Site Reliability Engineer, Technical and Cloud Services

Software Engineering Plano, Texas


Description

This Site Reliability Engineer position is a technical role within the Technical and Cloud Services group that helps ensure the reliability, scalability, and performance of our infrastructure while driving automation and efficiency in our development process. This engineer provides technical guidance to team members and other development teams related to the Cloud Services initiatives and helps to ensure our Cloud initiatives are consistently improving. This role requires a proactive problem-solving mindset, excellent communication skills, and the ability to collaborate effectively with our cross-functional teams that help courts and public safety organizations of all sizes better protect and serve the public. By helping provide solutions that improve efficiency and response time, you can help serve our citizens and make communities safer.

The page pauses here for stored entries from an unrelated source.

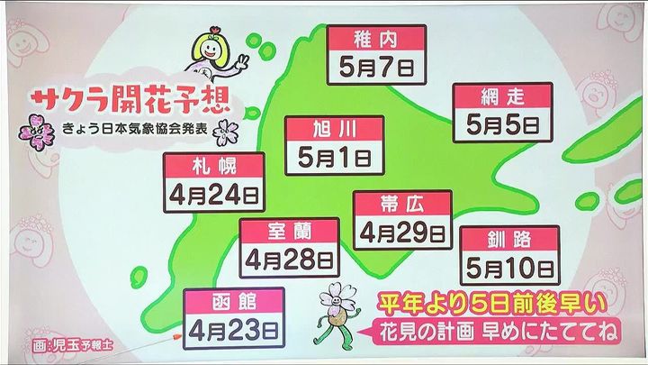 最新のサクラ開花予想。きょう2日(水)日本気象協会から発表されました。平年より5日前後早く、函館は4月23日、札幌は4月24日で、あと3週間ほどです。サクラちゃんも言ってますが、今年も花見の計画は早めに立てましょう。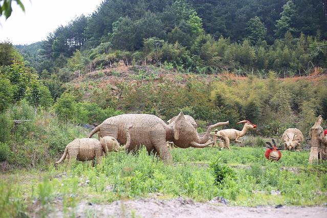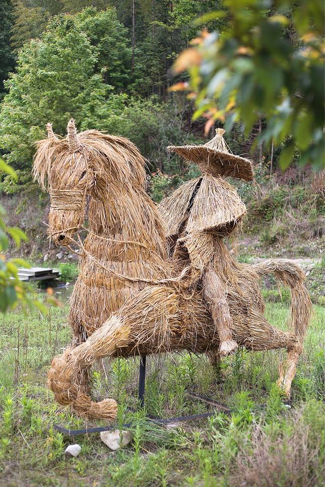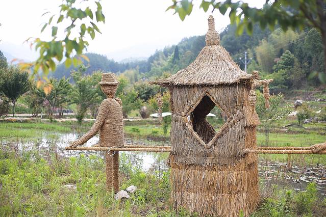 【人与自然】古溪星河传承稻草文化,稻草文化在中国有着上千年的文化积淀,是中国数千年农耕文明中乡土气息最浓郁的元素符号之一。铁丝与稻草相结合而制成的各类艺术造型散布在农谷内的农田、菜地、山谷、溪滨和丛林,将稻草与创意结合。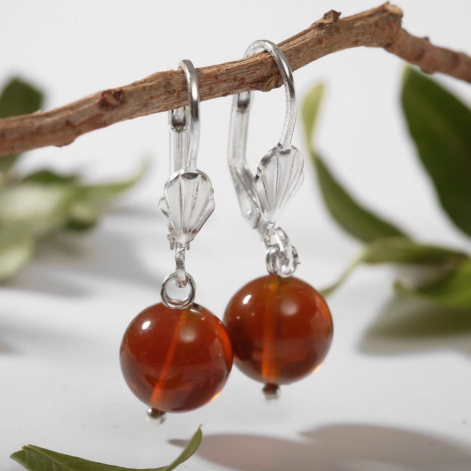 Серьги "Янтарь" шар №10, цвет вишнёвый в серебре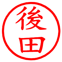 [朱肉の色]を選び、入力窓に“後田”と入力して[生成]ボタンを押すと、印影が更新され、リンクから電子印鑑(デジタル印影)がダウンロードできます。 電子印鑑「後田」の作り方文字表示が変なときや、文字バランスが悪いときは[字形切替]のチェックボックスでON/OFFを切り替え[生成]しなおしてください。 生成される画像は通常の印影「後田.png」と、にじみを表現した少し太めの印影「後田B.png」の背面透過PNG形式2種と、鮮明なPDF形式の印影「後田.pdf」の計3種類です。 朱肉の微妙な色の違いを7色で表現しました。デフォルト(左端)は、JISが定めた朱肉の色のマンセル値(7.5R 5/14)をRGB値(217,66,54)に変換したものになっています。 「電子透かし」にチェックを入れて[生成]ボタンを押すと、タイムスタンプを透かしとして埋め込んだセキュアな電子印鑑が作れます。詳細は別ページの「電子透かしとタイムスタンプ」でご覧ください。 後田さんの日付印が作れます。「日付スタンプメーカー」は、社内向けの書類に利用されることの多い日付印(データ印)が無料で作れるWebアプリケーションです。中段に日付が入り、上段と下段は、ともに8文字まで文字が入ります。 ![]() 古代文字で落款印が作れます。「落款スタンプメーカー」で作品を引き立たせる落款印が作れます。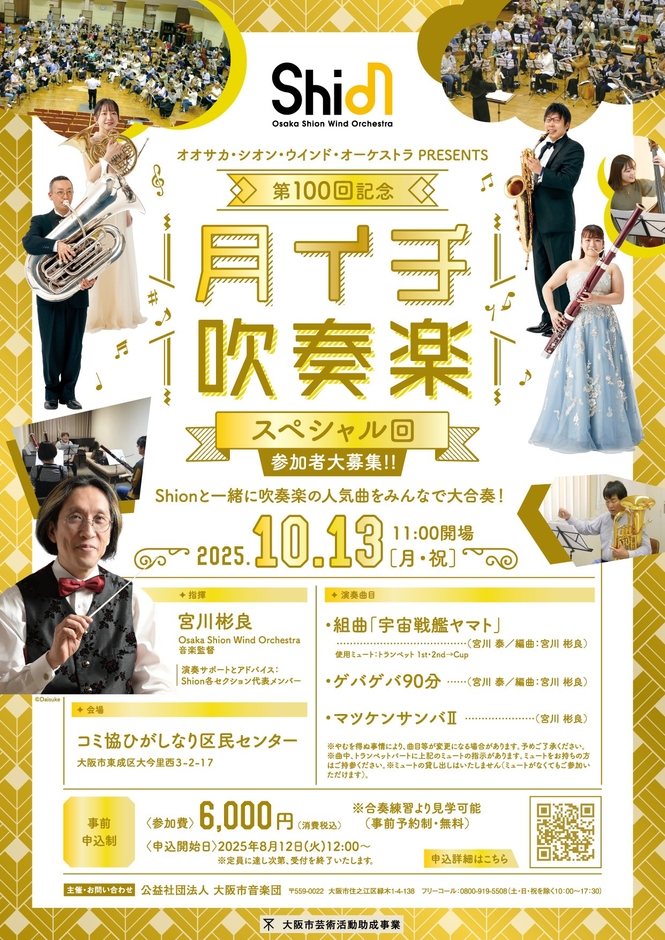 日本で最も長い歴史と伝統を誇る交響吹奏楽団のOsaka Shion Wind Orchestraを有する公益社団法人 大阪市音楽団(本社:大阪市住之江区/理事長:石井徹哉)は、月に一度、楽器を持っている方が集まって、Shionメンバーと一緒に吹奏楽曲を演奏できる人気イベント「月イチ吹奏楽」の第100回記念公演を2025年10月13日(月・祝)に開催します。
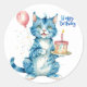 Cute Blue Cat Birthday Cake - Birthday Classic Round Sticker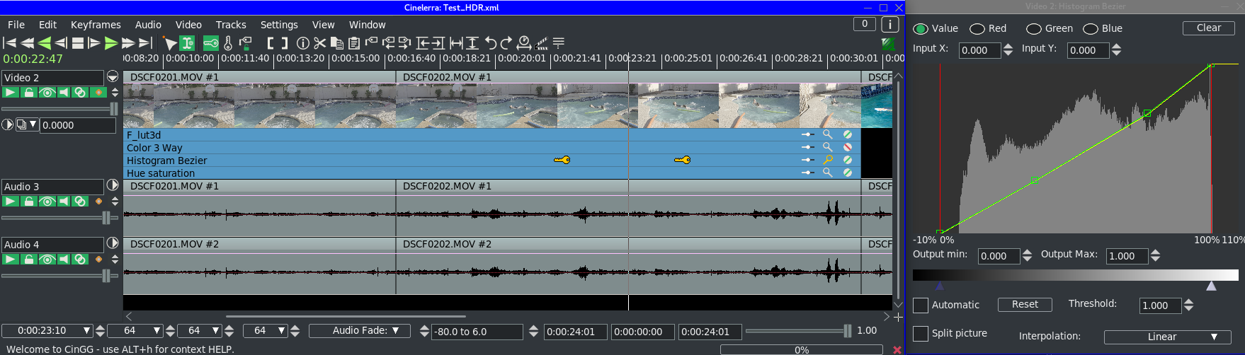 You can see the changes to the curves in the three screenshots at different points on the timeline. It is reflected in the compositor, but not in the rendered output. -- Cin mailing list Cin@lists.cinelerra-gg.org https://lists.cinelerra-gg.org/mailman/listinfo/cin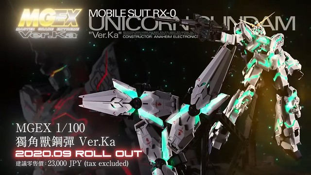 日本 BANDAI SPIRITS 公司 HOBBY 事業部今(02)日正式發表了鋼普拉商品全新系列『MGEX』第一彈商品「MGEX 1/100 獨角獸鋼彈 Ver.Ka」預計於 2020 年 09 月發售的消息。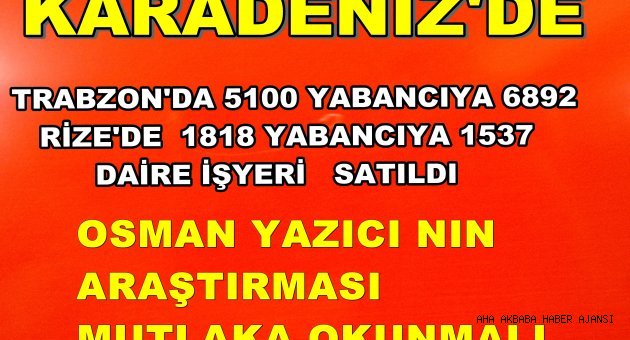 Trabzon’ da 5100 yabancı uyruklunun 6892 adet taşınmazı,

NOTE:  This is a hybrid position that requires the candidate to be in the Plano, TX office at least 2 days per week. 

SHIFT EXPECTATION:
8 AM – 5 PM Central Time (with one-hour break)

Responsibilities

  • Design, build, and maintain highly available, scalable, and secure infrastructure components to support our applications and services.
  • Implement and maintain monitoring, alerting, and logging systems to proactively identify and 
    resolve issues before they impact users.
  • Collaborate with development teams to automate deployment pipelines, infrastructure 
    provisioning, and configuration management using tools like Jenkins, Terraform, and Kubernetes.
  • Lead incident response and post-mortem activities to identify root causes and implement 
    preventive measures to minimize future incidents.
  • Conduct regular performance tuning and optimization of system resources to ensure optimal 
    efficiency and cost-effectiveness.
  • Drive continuous improvement initiatives to streamline processes, enhance reliability, and 
    increase productivity across the organization.
  • Stay current with industry trends, best practices, and emerging technologies in SRE, DevOps, 
    cloud computing, and automation.

Qualifications

  • BS/BA degree in Computer Science, Computer Engineering, Information Systems, or similar field
  • 5-7 years of experience in a Site Reliability and/or DevOps role, with a strong understanding of both disciplines.
  • Proficiency in cloud computing platforms such as AWS, Azure, or GCP, including infrastructureas code (IaC) tools like Terraform.
  • Hands-on experience with containerization and orchestration tools such as Docker and 
    Kubernetes.
  • Expertise in scripting and programming languages such as PowerShell, Python, Bash, or Go for automation and tooling.
  • Strong understanding of database concepts and administration, including T-SQL scripting, 
    indexing, and performance tuning.
  • Solid understanding of networking concepts, security best practices, and system administration in Windows and Linux environments.
  • Strong analytical and problem-solving skill, with the ability to troubleshoot complex issues and 
    drive resolution in a timely manner.
  • Excellent communication and interpersonal skills, with the ability to collaborate effectively with
    cross-functional teams and stakeholders.
  • Creative problem solving with demonstrated pattern of applying creative solutions to bridge the gap between product development and environmental considerations.

Required:

  • AWS
  • MS SQL Server and/or PostgreSQL
  • Windows Server OS
  • Linux OS
  • PowerShell
  • Python
  • IIS

Preferred:

  • Knowledge of .NET Framework and Languages (C#, VB.NET)
  • Experience with monitoring tools, such as DataDog, AWS CloudWatch, and SolarWinds 
    Database Performance Analyzer
  • Experience with PagerDuty
  • Knowledge of Agile Development, with experience with tools such as JIRA
  • Knowledge of Web Development Practices and Technologies
  • Experience with ticketing systems, such as Microsoft CRM
  • Octopus Deploy
  • Hangfire
  • Elasticsearch
  • RabbitMQ
  • Apache
  • Advanced knowledge of Microsoft Hosting Technologies
  •  Advanced knowledge of Dev-Ops practices